В прижизненных изданиях слов “об угнетенном народе” нет — вместо этого “запел песню похоронную”. Но составители советского академического издания восстановили в правах “угнетенный народ”, “считая слово “похоронную” цензурным искажением”7. Американский же литературовед Ричард Пийс, хотя и считал упоминание об угнетенном народе “странным”, все же, как и многие и до и после него, соблазнился этим упоминанием, да его и истолковал — как мне кажется, наиболее верно. По его мнению, это упоминание “ведет к появлению Украины собственной персоной, ведь тема ее является центральной для всех этих повестей” — и при этом “есть что-то темное, атавистическое в авторском отношении к Украине”8.
Теперь обратимся к Шевченкову архетипу Украины, за которым далеко ходить не нужно, ибо он представлен в послании “Гоголю”. Сокрушаясь о том, что прошли времена Тараса Бульбы и теперь вот даже “батько сына не зарежет”, Шевченко развивает эту мысль следующим образом:
Не зар╗же: викохає
Та й продасть в р╗зницю
Москалев╗. Цебто, бачиш,
Лепта удовиц╗
Престолов╗-отечеству
Та н╗мот╗ плата…
Это архетип библейской “вдовицы”, отдающей последнее, что у нее есть, последнюю мелкую монету — лепту.
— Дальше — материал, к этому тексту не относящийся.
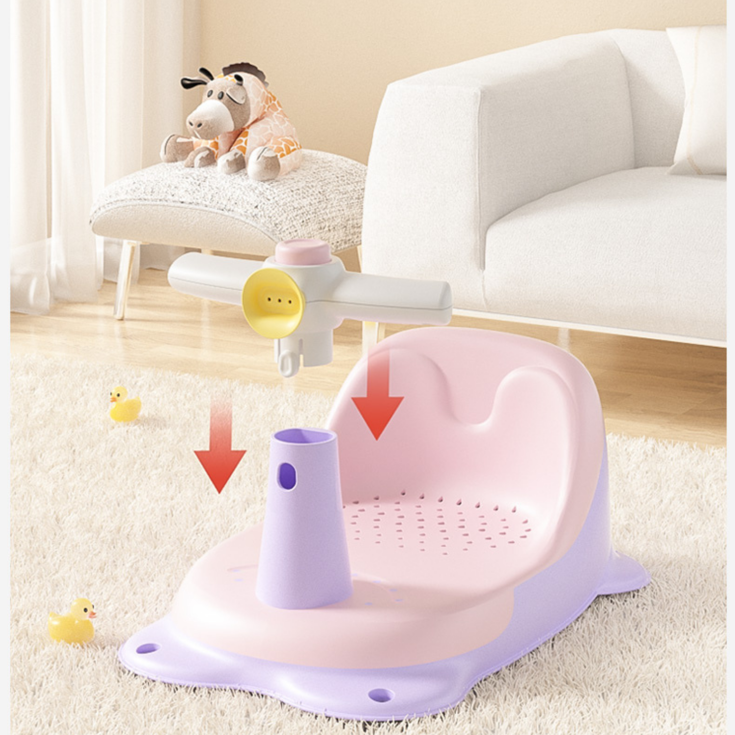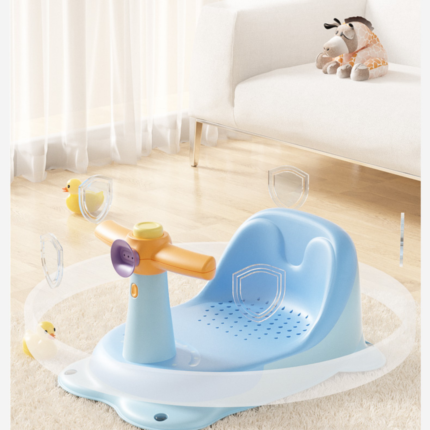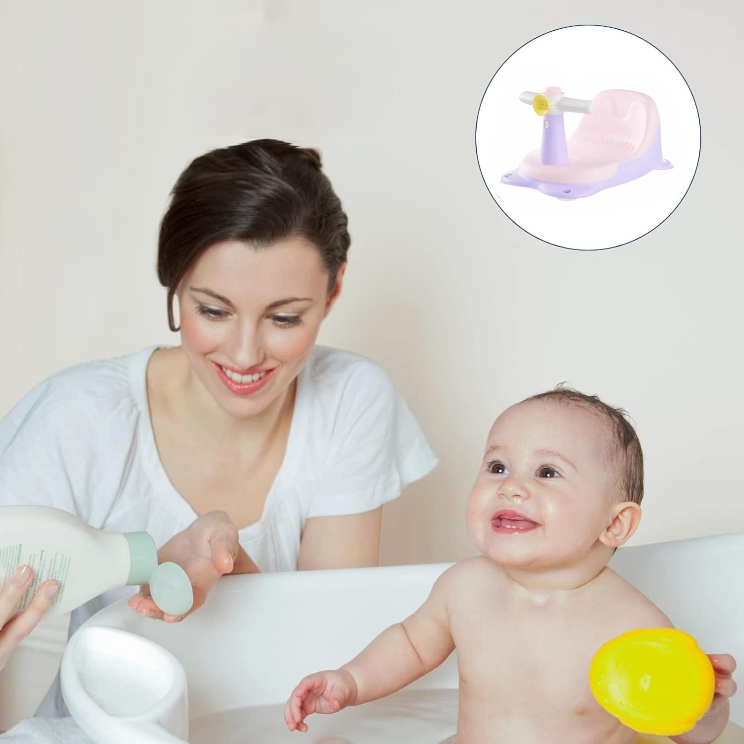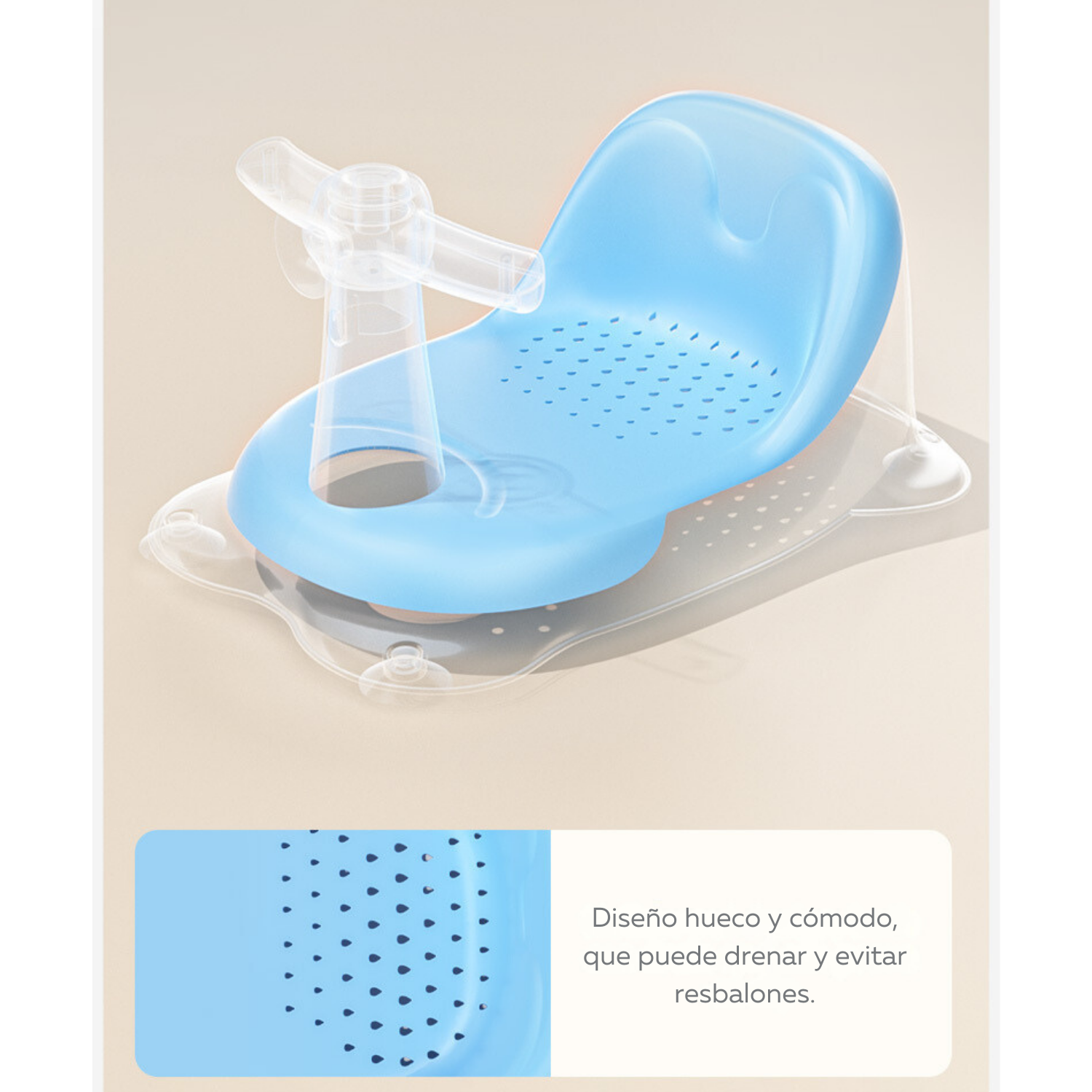 La parte inferior antideslizante del asiento hace que la rutina de baño de su bebé sea mucho más fácil y segura. Su diseño ergonómico con contorno suave permite un baño cómodo y seguro para su bebé. El asiento de goma antideslizante con asas para sujetar garantiza que el bebé esté sentado de forma segura.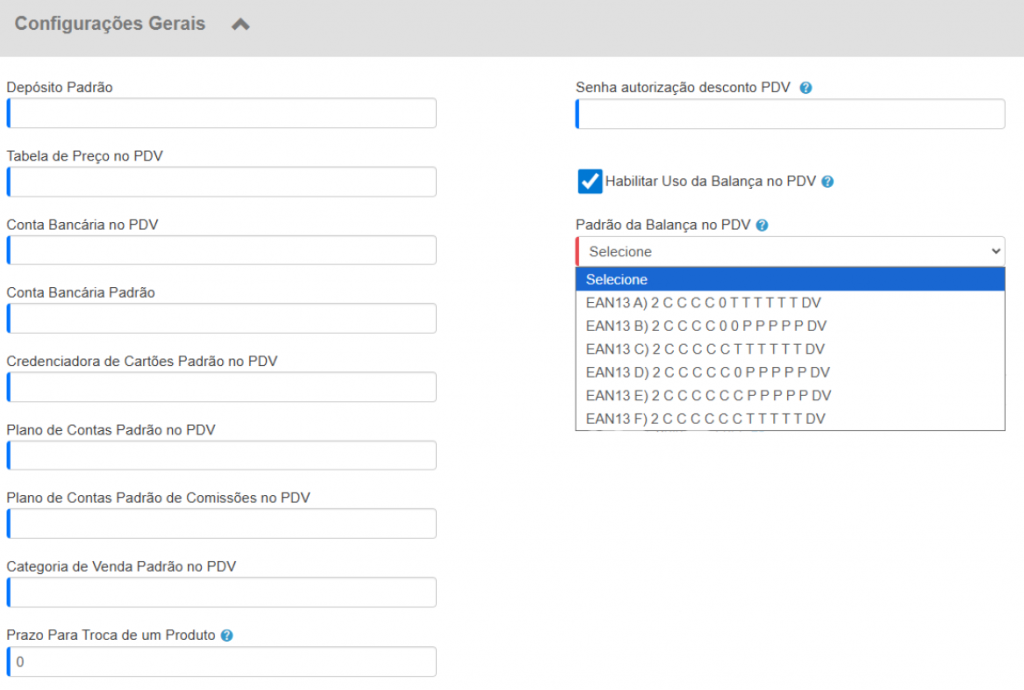 Padrão da Balança no PDV: trata-se da sequência numérica de 13 números que aparece logo abaixo da imagem das barras impressas na maioria dos produtos.
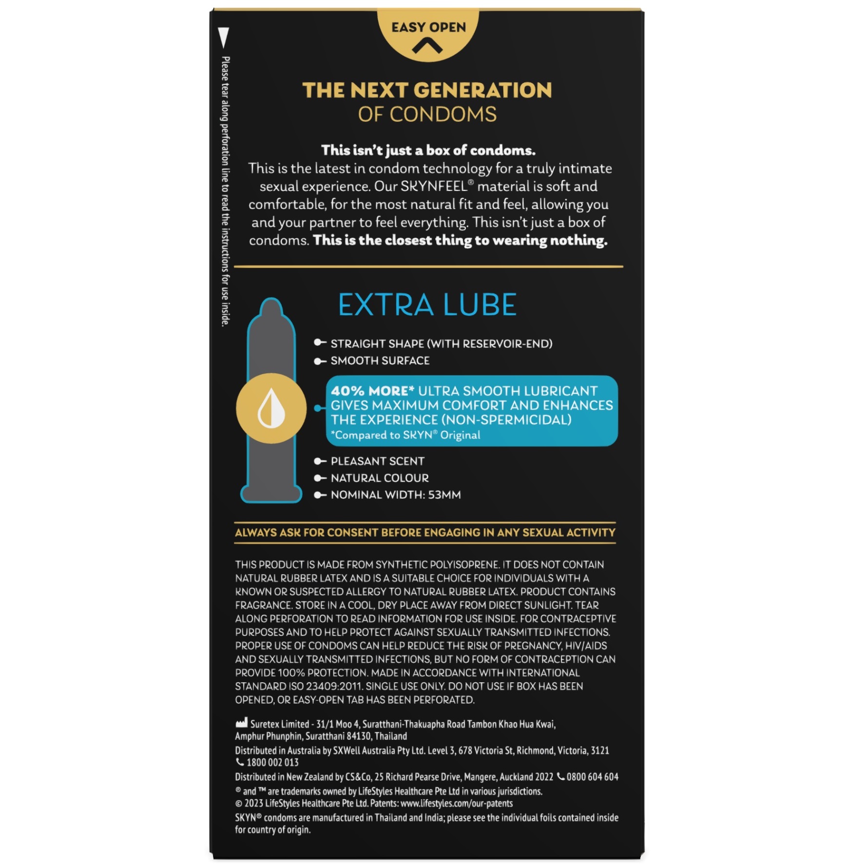 Toks jausmas, lyg nedėvėtum nieko. SKYN „Extra Lube” prezervatyvai yra pagaminti iš plono ir tvirto poliizopreno, tad mylintis pojūčiai išlieka itin natūralūs.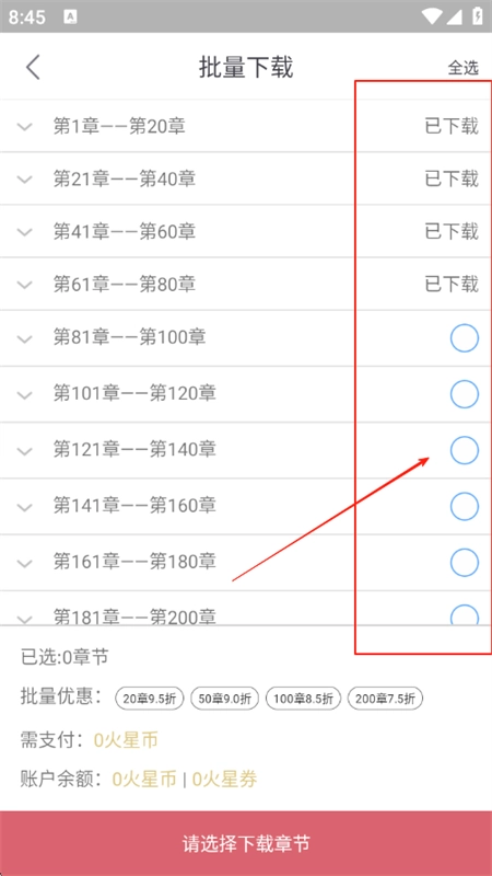 7、挑选你想要下载的章节,点击一下就能迅速完成下载。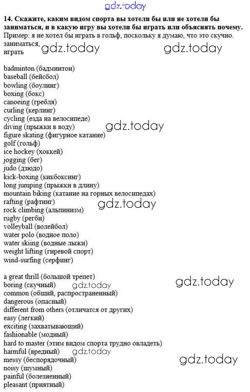На страницах сайта gdz.today вы найдете учебный и вспомогательный материал, направленный на улучшения знаний школьной программы. ГДЗ - онлайн мир знаний Unit 5. Keeping Fit Решение к тетради №2 14 Рабочей тетради по Английскому языку для 8 класса Афанасьева, Михеева Дрофа Новый курс 2017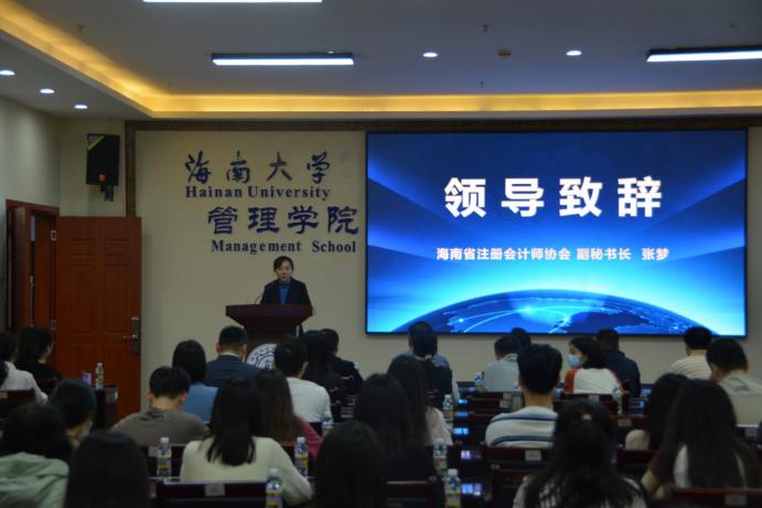 海南省注册会计师协会张梦副秘书长为我们今天的活动致辞,她介绍了注册会计师行业的整体情况,分别从注册会计师是对自身能力的证明、是社会认可度和含金量的象征、是拓宽职业前景和专业视野的选择、是职业道德和精神品质的体现四个方面介绍注册会计师行业的吸引之处,最后对同学们发出了诚挚的邀请。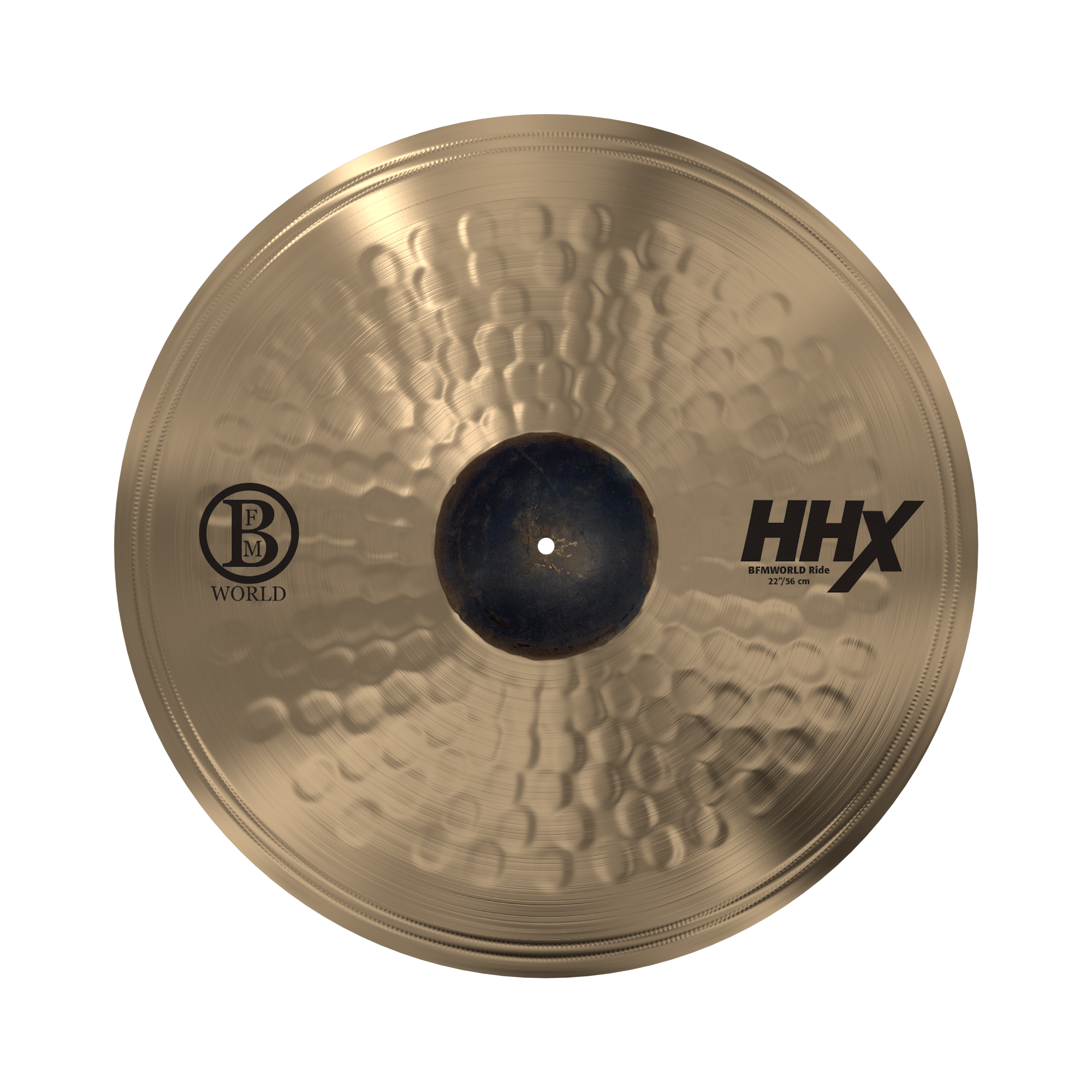 Utviklet i samarbeid med Brian Frasier-Moore og håndverkerne hos SABIAN, 22” HHX BFMWORLD Ride en middels tung ride-cymbal med en stor, klar og skjærende bjelle. HHX Tone Control-hammeringen skaper store, dype hammertegn som resulterer i en fantastisk visuell fremtoning og fantastisk tone. Designet har en "sound control edge", som senker profilen til cymbalen og legger til muligheten for crashing, noe som resulterer i en ride med tydelig tilstedeværelse og attack.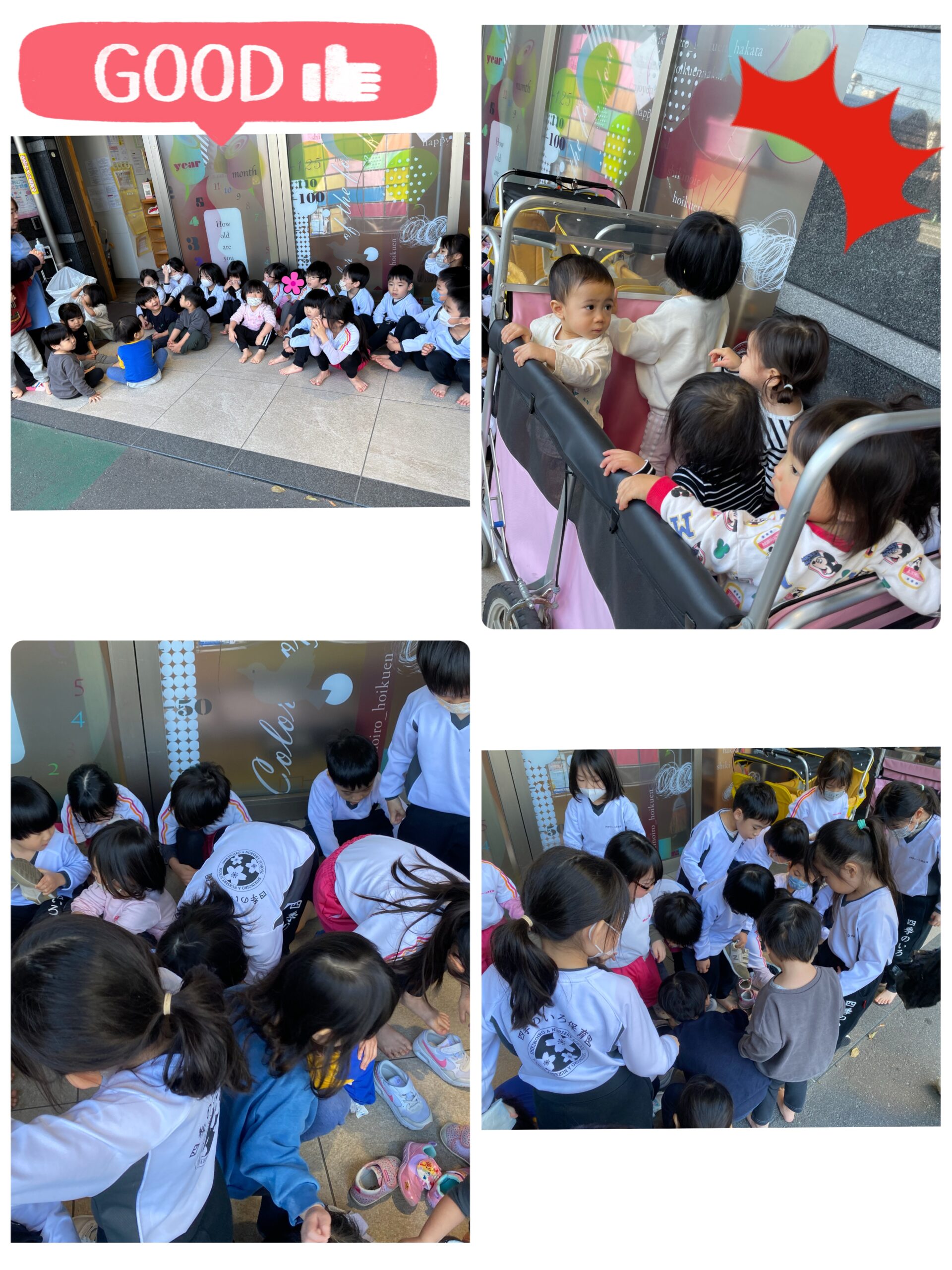 先生の目を見て以上児さんも未満児さんもお話をしっかり聞く事ができていましたよ。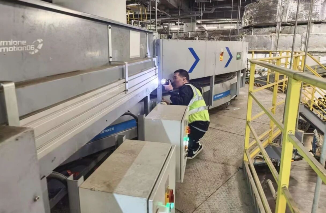 圖:機電設(shè)備運維員對行李系統(tǒng)開展全面檢查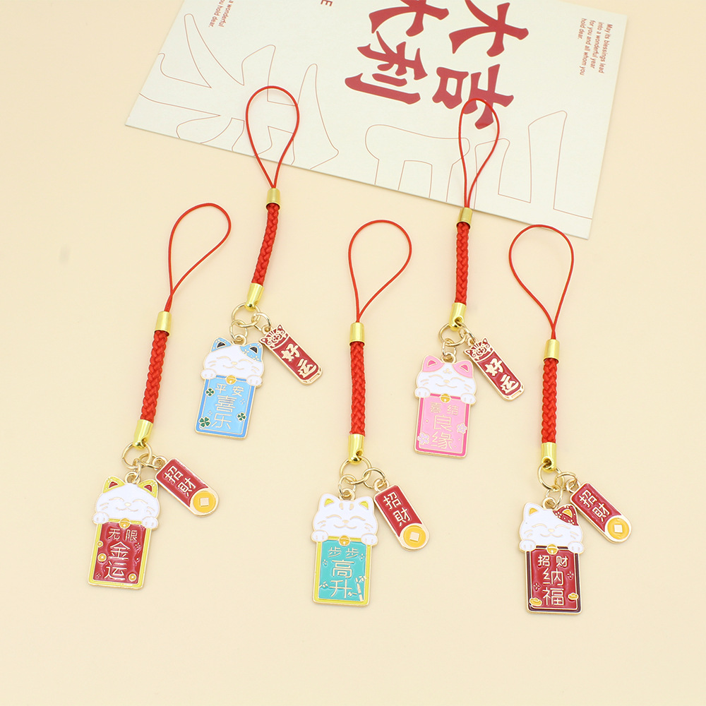 New Lucky Cat Mobile Phone Pendant, Happy Marriage Text, Blessing Cat, Male and Female Student Pencil Case, School Bag, Small Pendant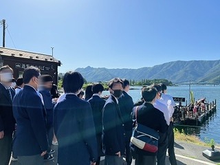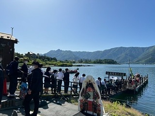 河口湖の到着しました。雲一つない空はとても青く、太陽の光が降り注ぐ河口湖も真っ青で、本当にきれいです。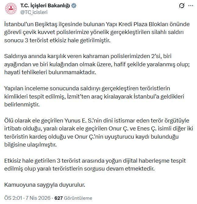 Bakanlığın sanal medya hesabından yapılan açıklamada, "İstanbul’un Beşiktaş ilçesinde bulunan Yapı Kredi Plaza Blokları önünde görevli çevik kuvvet polislerimize yönelik gerçekleştirilen silahlı saldırı sonucu 3 terörist etkisiz hale getirilmiştir. Saldırıya anında karşılık veren kahraman polislerimizden 2’si, biri ayağından ve biri kulağından olmak üzere, hafif şekilde yaralanmış olup; hayati tehlikeleri bulunmamaktadır. Yapılan inceleme sonucunda saldırıyı gerçekleştiren teröristlerin kimlikleri tespit edilmiş, İzmit’ten araç kiralayarak İstanbul’a geldikleri belirlenmiştir. Ölü olarak ele geçirilen Yunus E.S.’nin dini istismar eden terör örgütüyle irtibatı olduğu, yaralı olarak ele geçirilen Onur Ç. ve Enes Ç. isimli diğer 2 teröristin kardeş olduğu ve Onur Ç.’nin uyuşturucu kaydı bulunduğu bilgisine ulaşılmıştır. Etkisiz hale getirilen 3 terörist arasında yoğun dijital haberleşme tespit edilmiş olup yaralı teröristlerin sorgusu devam etmektedir" ifadelerine yer verildi. (DHA)

Среди кредиторов, обирающих бедную вдову, названа “н╗мота”, т.е. в переводе — “немчура”. Опять интересное совпадение с тем, что волновало Гоголя, причем в тот его период, когда он был готов на гребне славы своих “Вечеров…” вернуться на Украину и связать с ней дальнейшую жизнь. И опять слишком интересное, чтобы быть только общим архетипом.
В конце 1833 г. Гоголь писал М. Максимовичу: “Туда! туда! в Киев, в древний, в прекрасный Киев”. И добавлял: “Он наш, он не их, неправда? <…> Говорят, уже очень много назначено туда каких-то немцев, это тоже не так приятно. Хотя бы для святого Владимира побольше славян. Нужно будет стараться кого-нибудь из известных людей туда впихнуть, истинно просвещенных и так же чистых и добрых душою, как мы с тобою”.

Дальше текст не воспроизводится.